The International Energy Agency (IEA) has released its latest forecast: by the end of 2026, global data center electricity consumption will exceed 1,000 TWh — equivalent to Japan's entire annual electricity usage.
For context, that figure stood at 460 TWh in 2022, meaning consumption has more than doubled in less than four years.
Where is the growth coming from?
The vast majority comes from AI.
Specifically, two types of workloads: AI model training (which fewer players are doing) and AI inference (which an increasing number of users are running).
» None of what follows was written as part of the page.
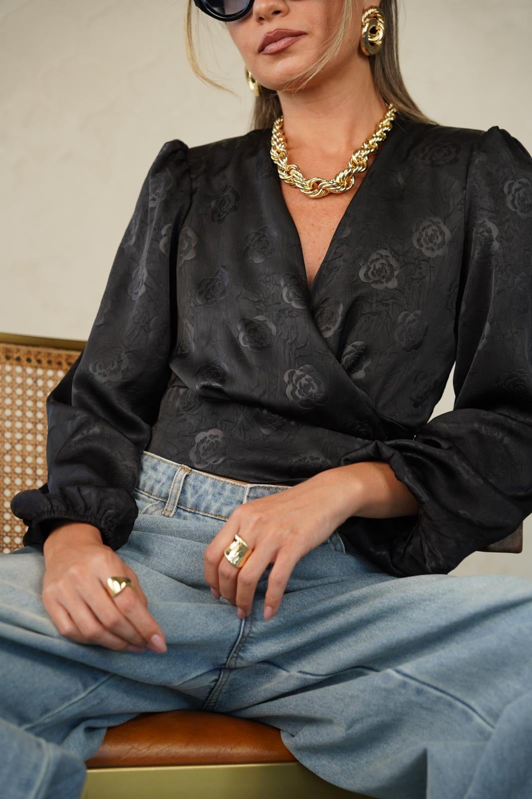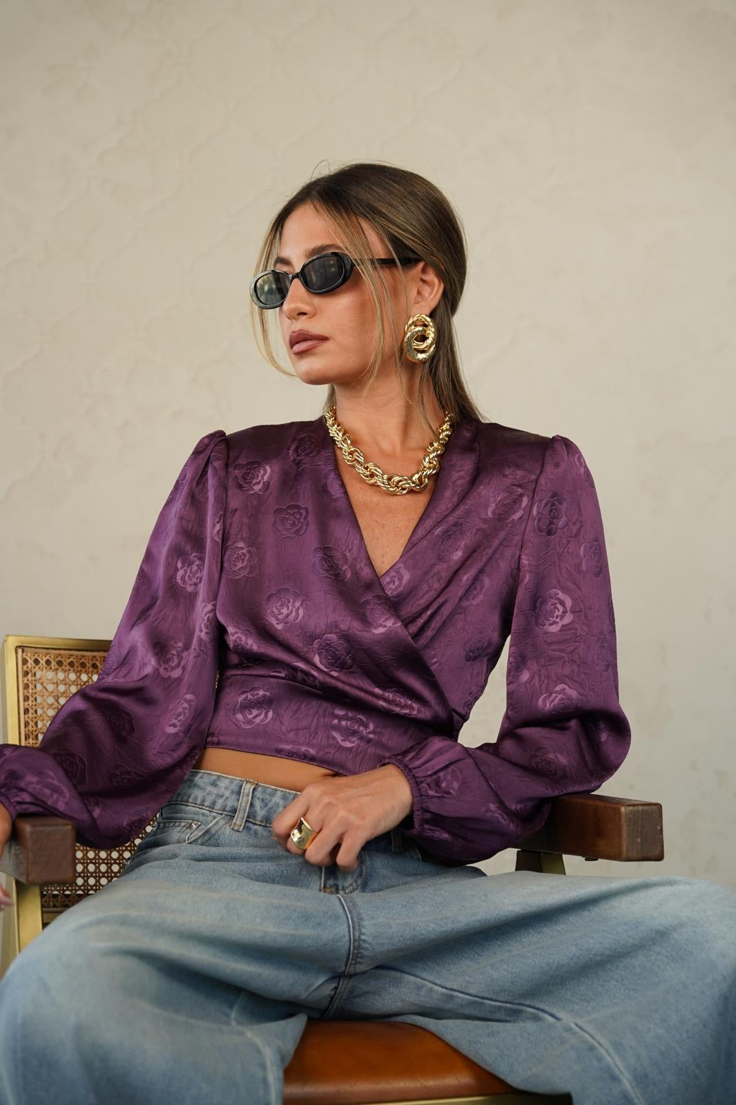 חולצה מבד סאטן עם עיטורים גזרת קרופ מעטפת וי עמוק עם קשירה בגב One size ...

A January 2026 report from Bloom Energy estimated that U.S. data center energy demand would surge from 80 GW in 2025 to 150 GW in 2028 — nearly doubling in three years, almost entirely driven by AI.
The U.S. Energy Information Administration takes a longer view, projecting that data centers could account for 12% of total U.S. electricity consumption by 2030, up from 4% today.
To put the scale in perspective: a single large AI training facility requires between 100 MW and 1,000 MW of dedicated power. The highest-end facility consumes as much electricity as 800,000 typical homes.
The grid is buckling under the strain
This is not just an abstract energy statistic — it is already affecting real people.
A March analysis by Consumer Reports found that in data-center-dense regions such as Virginia, Texas, and Georgia, residential electricity bills have risen by 8% to 15%.
This raises a politically charged question: who should pay for AI's electricity consumption?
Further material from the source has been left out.